Inside a Transformer Block

Every Transformer layer (block) has the same structure. Stack 12 of them for BERT-base, 96 for GPT-4 scale.

Input (residual stream)
        │
        ▼
  ┌─────────────┐
  │ Layer Norm  │
  └─────────────┘
        │
        ▼
  ┌─────────────────┐
  │  Multi-Head     │
  │  Attention      │
  └─────────────────┘
        │
        ▼ (+ residual connection)
  ┌─────────────┐
  │ Layer Norm  │
  └─────────────┘
        │
        ▼
  ┌─────────────────┐
  │  Feed-Forward   │
  │  Network (FFN)  │
  └─────────────────┘
        │
        ▼ (+ residual connection)
     Output

Two key sub-layers, both wrapped in residual connections:

Multi-Head Attention — lets tokens “talk to” each other
Feed-Forward Network — processes each token independently (two linear layers with a GELU in between)

Positional Encoding

Transformers have no built-in sense of order — all tokens are processed in parallel. To tell the model where each token sits in the sequence, you add positional information to the token embeddings.

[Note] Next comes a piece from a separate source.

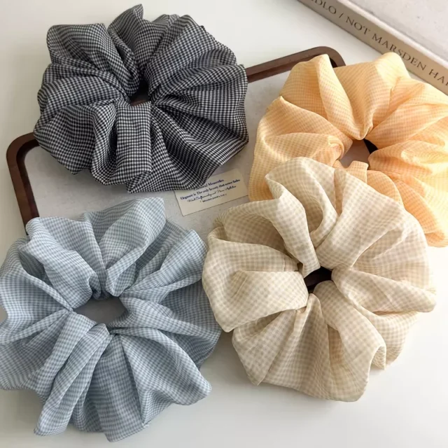 Unlike ordinary hair ties, our scrunchies double as a fashion accessory. Their charming checked design stands out, making them perfect for adding a pop of personality to casual outfits or complementing dressier ensembles. Use them to style your hair when you need a quick yet stylish solution—whether it’s for a brunch date, a workout session, or a busy day on the go.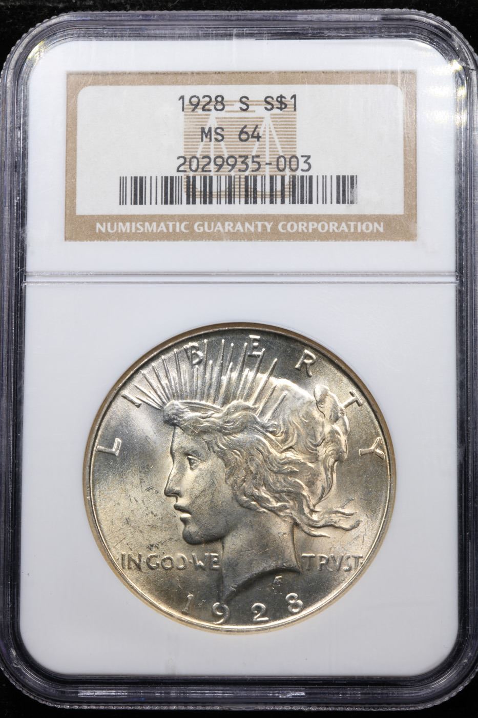 ***Auction Highlight*** NGC 1928-s Peace Dollar $1 Graded ms64 By NGC.

Absolute sinusoidal (original paper): Fixed sine/cosine patterns of different frequencies.

Learned absolute (BERT, GPT-2): A learned embedding for each position index.

Rotary Position Embedding — RoPE (LLaMA, Mistral, GPT-NeoX): Encodes position as a rotation applied to query/key vectors. Scales naturally to longer sequences. Dominant in 2024–2026 models.

ALiBi (MPT, BLOOM): Adds a position-dependent bias to attention scores. Simple, effective, good extrapolation.

The Feed-Forward Network: More Than a Detail

The FFN is often overlooked, but it accounts for roughly two-thirds of a Transformer’s parameters. Modern analysis suggests the FFN layers act as a kind of “knowledge store” — encoding factual associations learned during pre-training.

FFN(x) = W₂ · GELU(W₁ · x + b₁) + b₂

The dimension expansion inside the FFN (usually 4× the model dimension) creates an intermediate representation rich enough to store and recall complex patterns.

In recent architectures like LLaMA and Mistral, this has been upgraded to a Gated Linear Unit (SwiGLU):

FFN_SwiGLU(x) = (SiLU(W₁·x) ⊙ W₃·x) · W₂

Three weight matrices instead of two, but faster training and better performance at the same parameter count.

Model Variants You’ll Encounter

Model Family	Architecture	Speciality
BERT / RoBERTa	Encoder-only	Text classification, NER, retrieval
GPT / LLaMA / Mistral	Decoder-only	Text generation, chat, code
T5 / BART / mBART	Encoder-decoder	Translation, summarization
Vision Transformer (ViT)	Encoder-only	Image classification
CLIP	Dual encoder	Image-text alignment
Whisper	Encoder-decoder	Speech recognition

Modern Efficiency Improvements (2024–2026)

The vanilla Transformer is expensive. A decade of research has produced several important improvements:

Grouped-Query Attention (GQA)

Multiple query heads share a single key-value head. Reduces KV cache memory by 4–8× without meaningful accuracy loss. Used in LLaMA 3, Mistral, and Gemma.

Sliding Window Attention

Instead of attending to all previous tokens, each token only attends to a fixed window. Long-range information flows through successive layers. Used in Mistral 7B.

Mixture of Experts (MoE)

Replace each dense FFN with a set of “expert” FFNs, routing each token to 2–4 experts out of 8–64. Dramatically increases model capacity without proportionally increasing compute per token. Used in Mixtral 8×7B, GPT-4 (speculated), and Gemini 1.5.

MoE Layer:
         Token → Router → Expert 1
                        ↘ Expert 3 (out of 8 total)
                        Only 2 experts fire per token

Multi-head Latent Attention (MLA)

DeepSeek’s innovation: compress key-value states into a low-rank latent, then expand. Significantly reduces KV cache without GQA’s accuracy trade-off.

How This Connects to LLMs

Every LLM you use — GPT-4, Claude, Gemini, LLaMA — is a Transformer decoder stack. When you send a prompt:

The text is tokenized into integer IDs
Each ID is looked up in an embedding table
Positional encodings are added
The sequence flows through N Transformer blocks
The final hidden states are projected to vocabulary logits
A token is sampled from those logits
That token is appended and the process repeats

Understanding this loop is essential for understanding why LLMs behave the way they do — why they’re fluent, why they hallucinate, and why context length matters so much.